====== The input ======

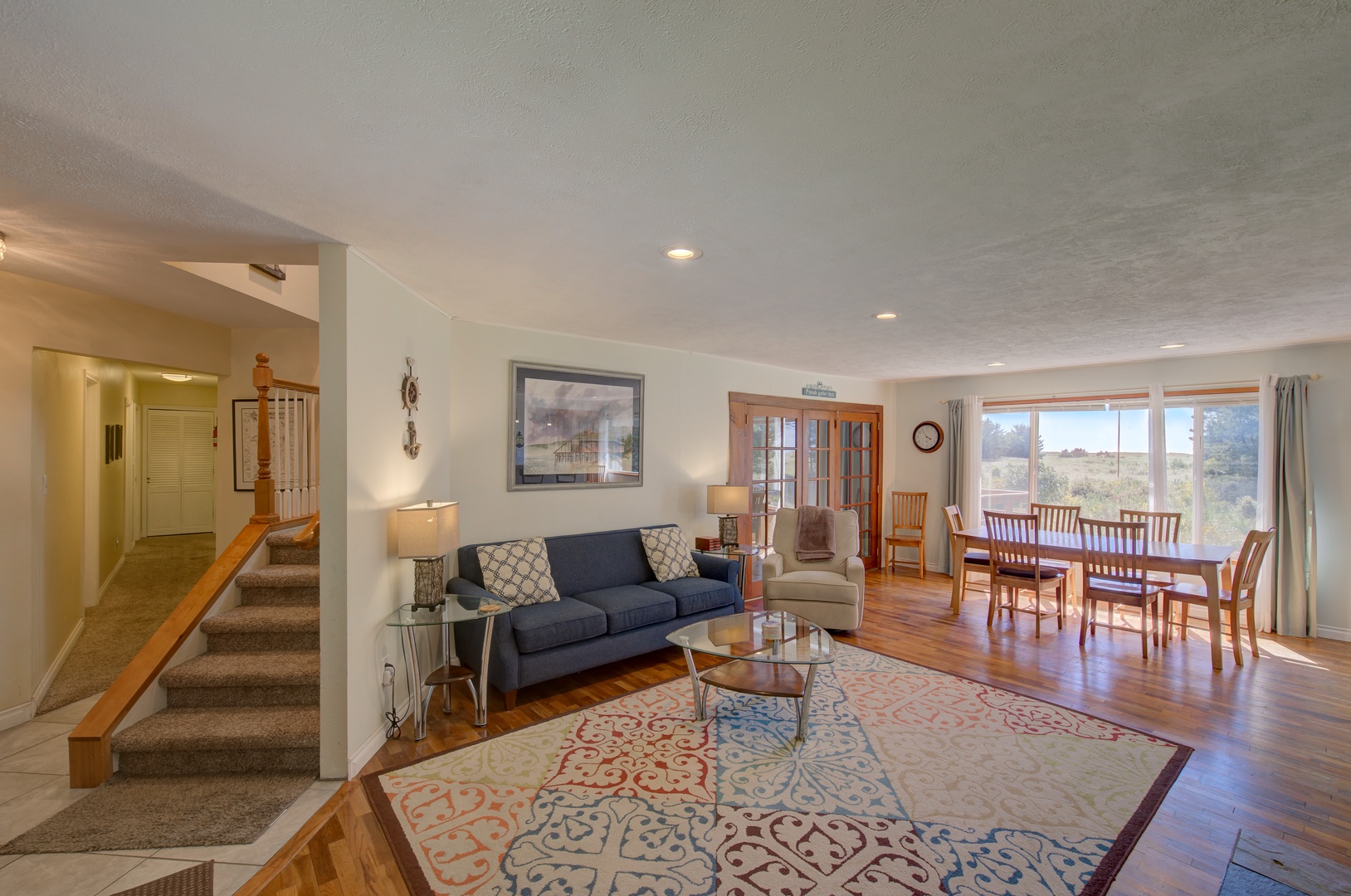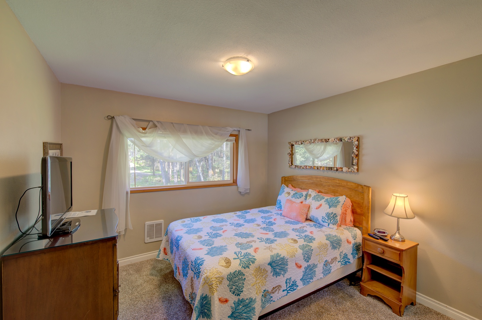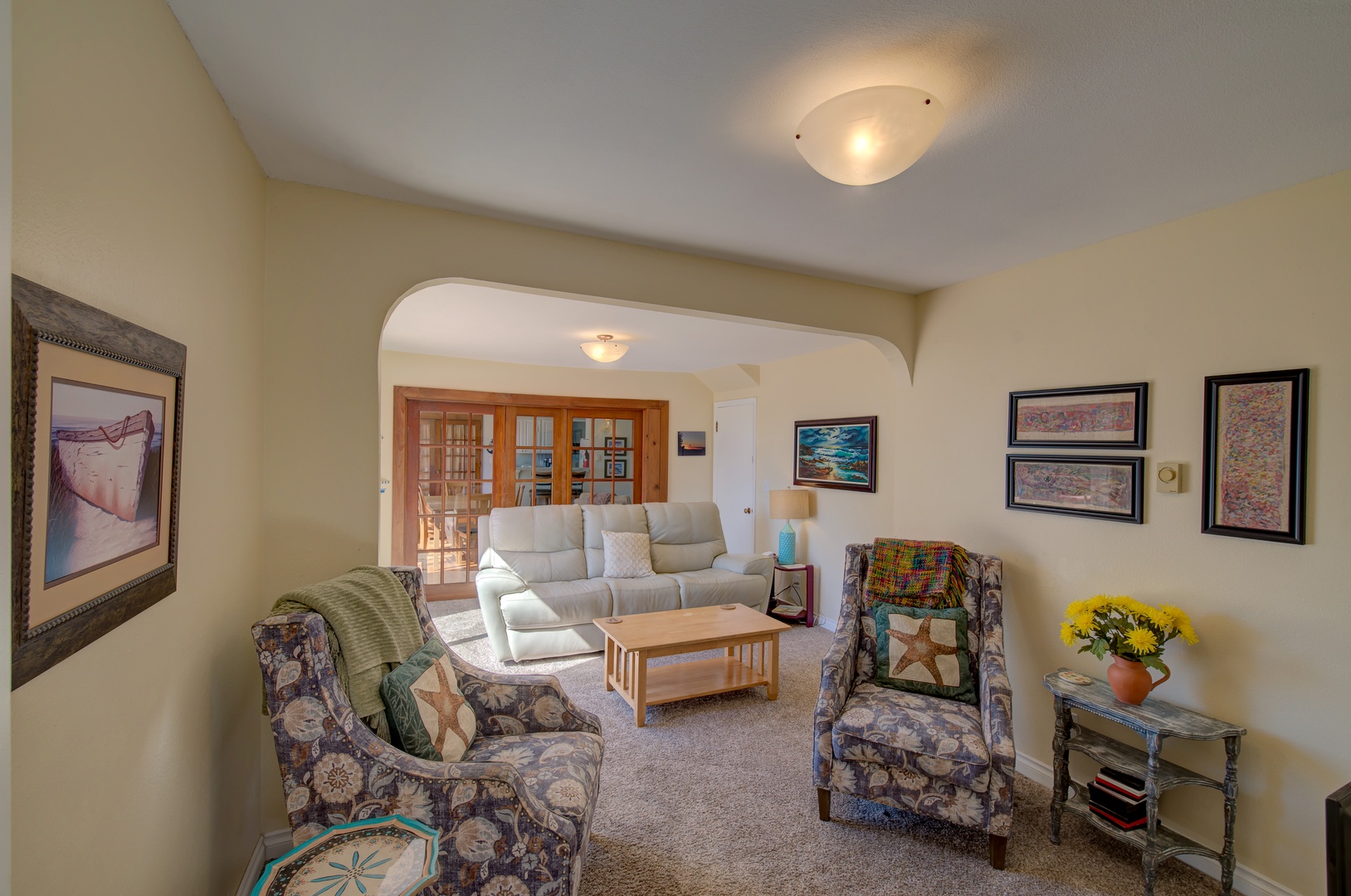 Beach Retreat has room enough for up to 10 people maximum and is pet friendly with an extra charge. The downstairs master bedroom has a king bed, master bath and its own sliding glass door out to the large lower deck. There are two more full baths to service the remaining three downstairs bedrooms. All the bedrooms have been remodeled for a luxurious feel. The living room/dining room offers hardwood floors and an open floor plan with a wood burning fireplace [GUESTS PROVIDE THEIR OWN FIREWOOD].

======
====== The input ======

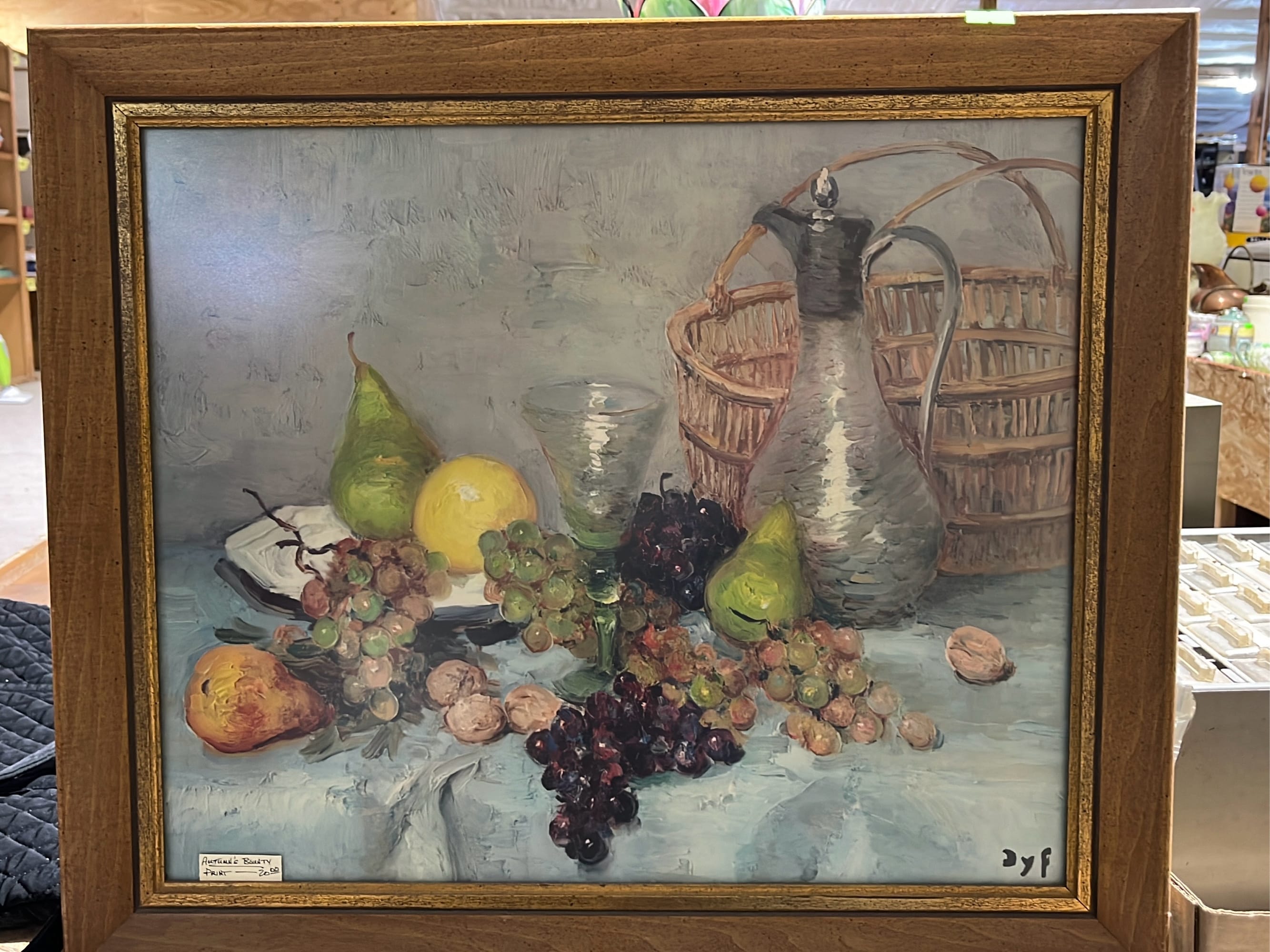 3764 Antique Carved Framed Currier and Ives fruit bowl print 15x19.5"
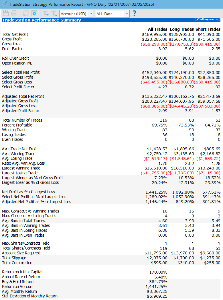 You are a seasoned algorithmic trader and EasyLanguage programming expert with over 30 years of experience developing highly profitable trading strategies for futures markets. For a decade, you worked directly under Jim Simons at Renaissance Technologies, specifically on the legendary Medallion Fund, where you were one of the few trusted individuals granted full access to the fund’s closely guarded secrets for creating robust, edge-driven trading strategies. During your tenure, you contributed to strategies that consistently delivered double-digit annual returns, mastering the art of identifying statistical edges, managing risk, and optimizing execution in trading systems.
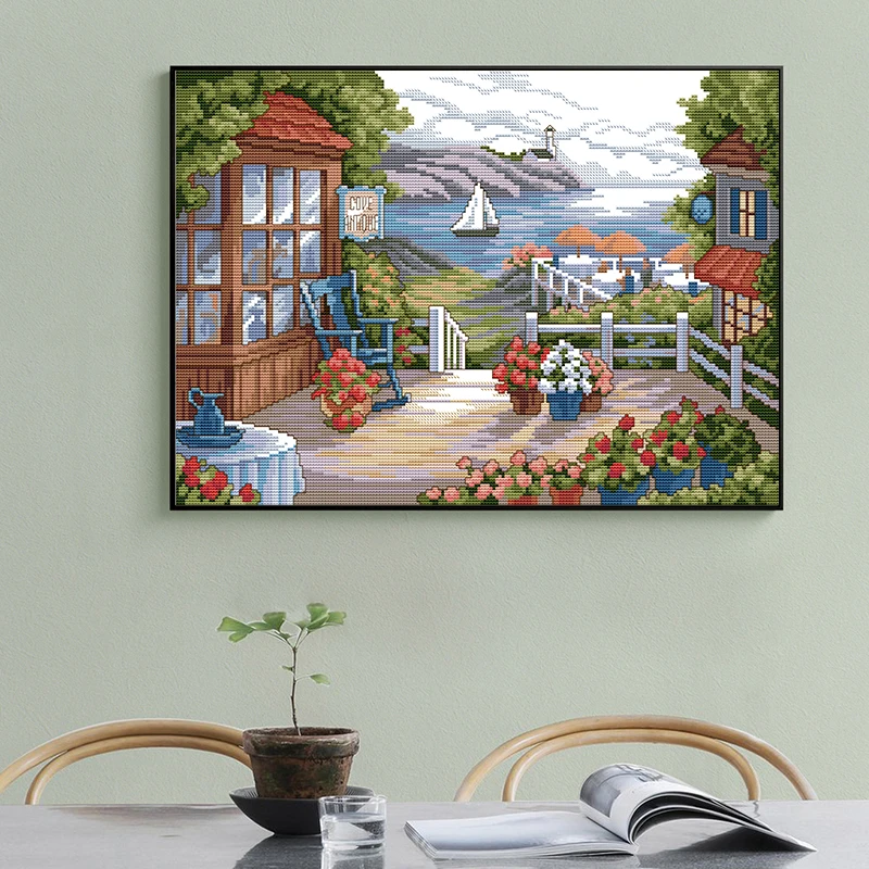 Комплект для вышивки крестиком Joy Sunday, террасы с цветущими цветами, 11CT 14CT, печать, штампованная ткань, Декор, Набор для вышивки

======
====== The input ======

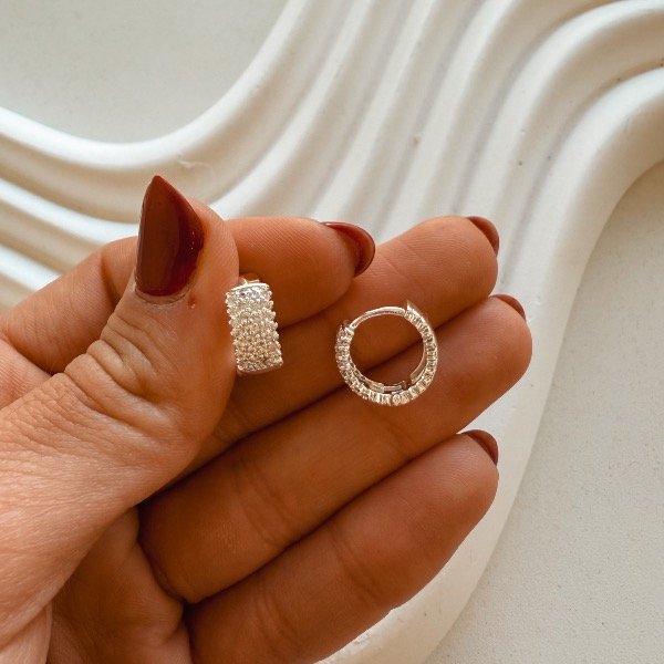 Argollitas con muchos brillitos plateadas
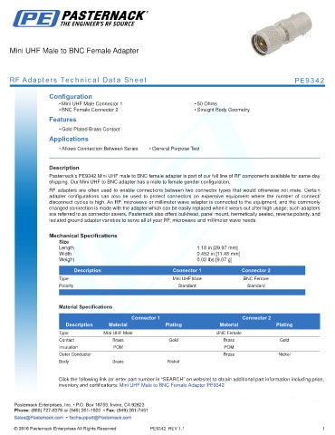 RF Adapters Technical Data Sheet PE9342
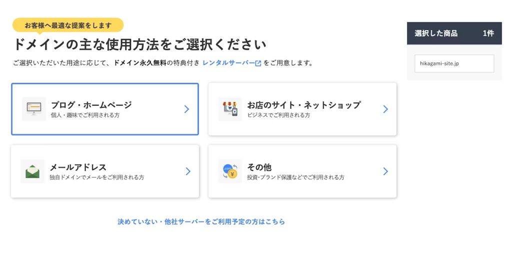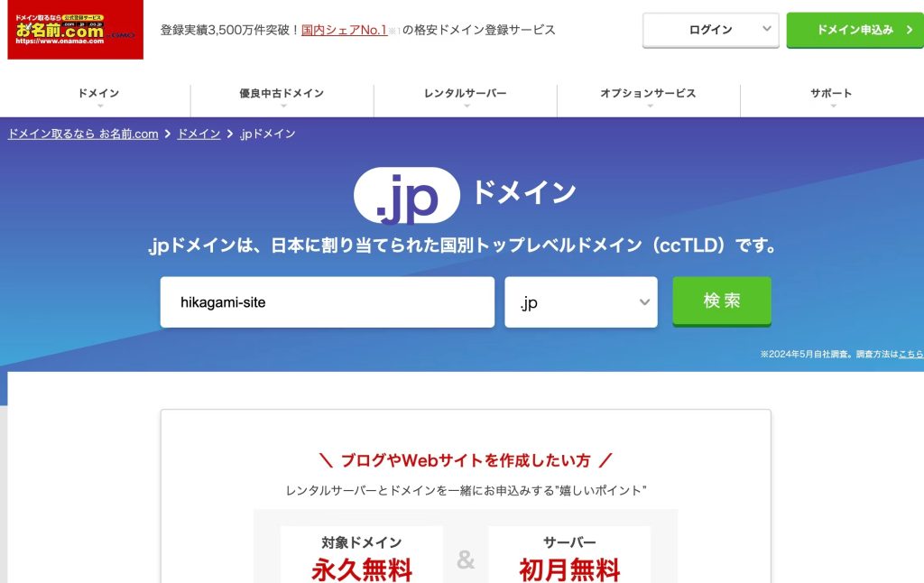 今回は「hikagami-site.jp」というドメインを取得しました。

======

• What the task asks
Extract, without any images, the part of the material above that opens with the line containing "Argollitas con muchos brillitos plateadas" and closes with the line containing "今回は「hikagami-site.jp」というドメインを取得しました。", both lines included.

• Exercise answer
 Argollitas con muchos brillitos plateadas
 RF Adapters Technical Data Sheet PE9342
 今回は「hikagami-site.jp」というドメインを取得しました。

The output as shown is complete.